This is actually a kind of massive job, but I think getting it right would make the new user experience a lot better.

valeriupredoi commented 1 year ago

I would argue for a single config file - two or more files complicate things, and don't remove the annoyance from the side of the user; if you structure your config file with sections then some sections can stay unchanged (maybe?). Why do you want to put functions in a config file? Just name the functions and have them being called from Python from various modules, or a single, big. module

ledm commented 1 year ago

I'm not sure about a single file. It's currently 4000 lines, anything that does that in a single yml might be a bit much.

valeriupredoi commented 1 year ago

so even 4 files each of 1000 lines is waaay too much - I suggest we shrink the configuration first

ledm commented 1 year ago

In my defence, it was a lot shorter before the python2 -> python3 conversion, which expanded it a lot.

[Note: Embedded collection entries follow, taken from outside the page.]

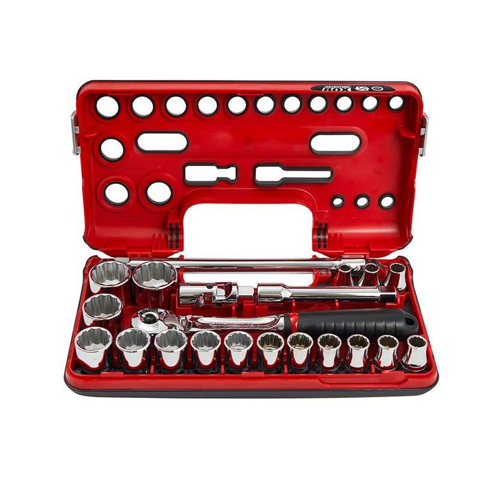 Includes:17 X METRIC SOCKETS: 8MM, 10MM, 11MM, 12MM, 13MM, 14MM, 15MM, 16MM, 17MM, 18MM, 19MM, 21MM, 22MM, 24MM, 27MM, 30MM, 32MM. 1 X MAINTENANCE FREE COMPACT HEAD RATCHET. 2 X EXTENSIONS: 125MM & 250MM. 1 X UNIVERSAL JOINT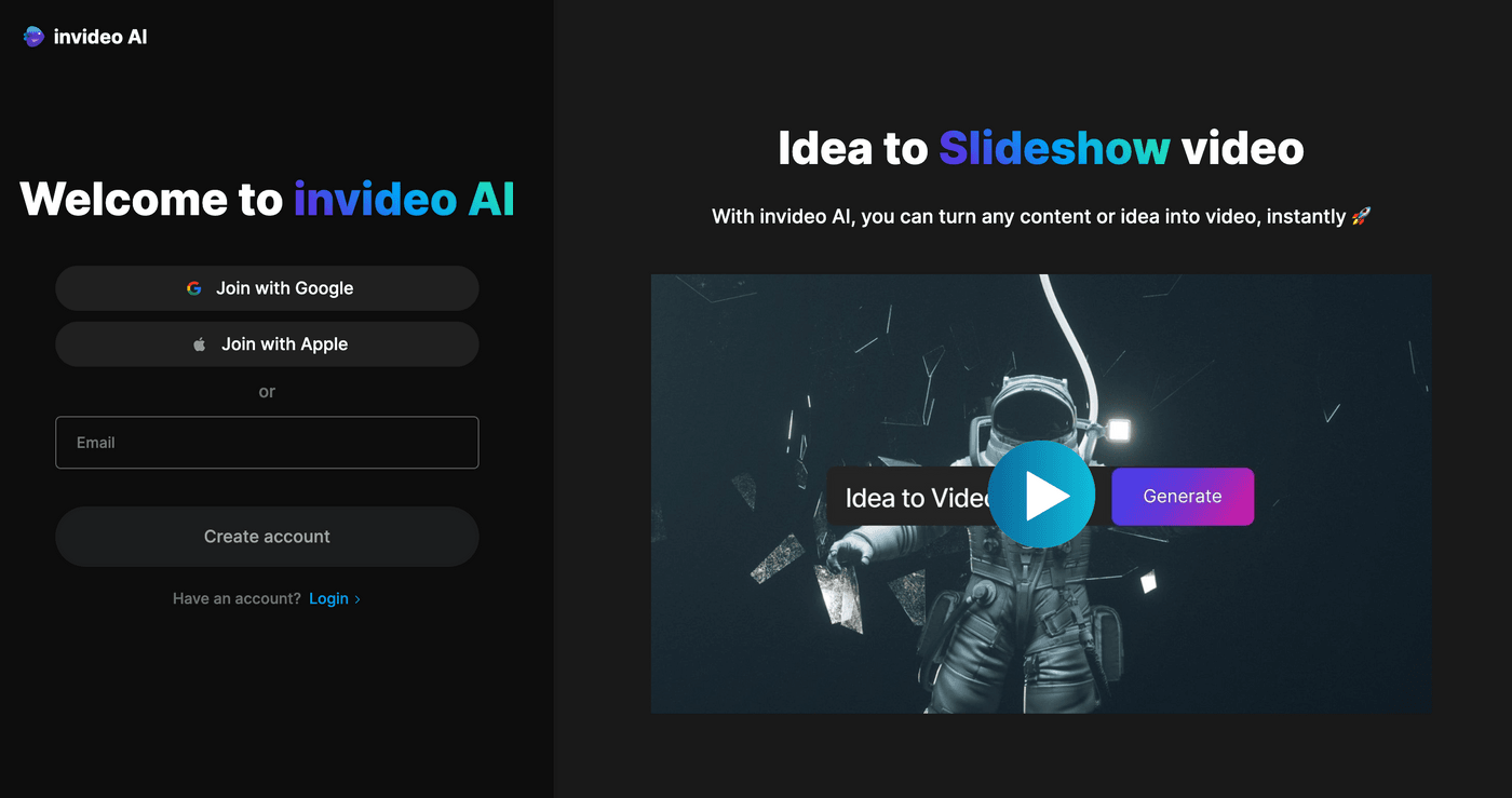 Step 1: Get your free invideo AI account. Super easy – email, Google, or Apple sign-in, your choice.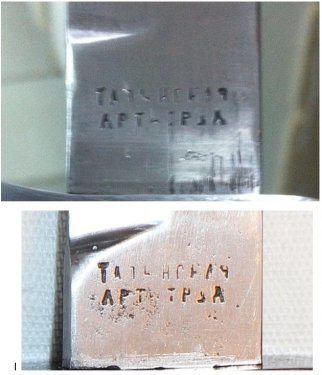 Пока же меня настораживает в клейме то, что между "АРТ" и "Труд" у Вас стоит тире, а этого тире там не должно быть, должна быть точка. Но если копировали с клейма, которое привел коллега Uwin, то тогда все правильно: на нем выбоина, которую можно принять за тире, так прямо и скопировали.

valeriupredoi commented 1 year ago

how did a Py2->Py3 conversion expand the configuration :rofl:

ledm commented 1 year ago

I'm going ahead with working on a keys interface right now. As I think this is the way forward. I don't think that putting this into a single massive config file is the right way.

ledm commented 1 year ago

how did a Py2->Py3 conversion expand the configuration 🤣

It blew up the total number of lines:

python2:

        av[name]['modeldetails'] = {'name': name, 'vars': ['AEOLIAN', ],'convert': modeldustsum, 'units': 'Gmol Fe/yr'}

python3

        av[name]['modeldetails'] = {
            'name': name,
            'vars': [
                'AEOLIAN',
            ],
            'convert': modeldustsum,
            'units': 'Gmol Fe/yr'
        }

valeriupredoi commented 1 year ago

sounds good - the idea of a config file is to have anything that a user would tune on a regular basis, if there are a lot of config values that stay the same over long periods, we can either let them sit in the code or we can do a config-developer that is not touched by the users many times

valeriupredoi commented 1 year ago

how did a Py2->Py3 conversion expand the configuration rofl

It blew up the total number of lines:

python2:

        av[name]['modeldetails'] = {'name': name, 'vars': ['AEOLIAN', ],'convert': modeldustsum, 'units': 'Gmol Fe/yr'}

python3

        av[name]['modeldetails'] = {
            'name': name,
            'vars': [
                'AEOLIAN',
            ],
            'convert': modeldustsum,
            'units': 'Gmol Fe/yr'
        }

OK but that didn't change the configuration, it just put things neatly in a user-readable format :grin:

valeriupredoi commented 1 year ago

also, if you want to move a lot of text to other files, you can think of CMOR-like files where we store all those variables

ledm commented 1 year ago

My plan is the following code structure:

keys_yml - new directory
- bgc.yml: a file with the bgc keys
- physics.yml: a file with a list of physics keys
- etc
variables_yml: new directory with lots of individual analysis files:
- temperature.yml: single yml file with details for temperatrure analysis
- Ice: single yml file with some ice analysis.
- etc...

So yeah, kinda like cmor in esmvaltool.

(This is why I said it would be good to have a chat - heading to lunch now)

ledm commented 1 year ago

Starting to work in this here: https://github.com/valeriupredoi/bgcval2/tree/improving_the_timeseries_suite_list_interface

valeriupredoi commented 1 year ago

I like it! I'd just not call dirs with _yml suffix :grin:

valeriupredoi commented 1 year ago

open (Draft) PR too, man, so we can debug on the way

ledm commented 1 year ago

Hey, so the AV stuff, I already did that, but in the GMD version of BGC-val: https://github.com/ledm/bgc-val-public/blob/main/ini/ukesm_jasmin.ini

This writes them as a single long list, but I think individual files is the way forward instead, I'm wondering if there's some easy way of bringing those changes over.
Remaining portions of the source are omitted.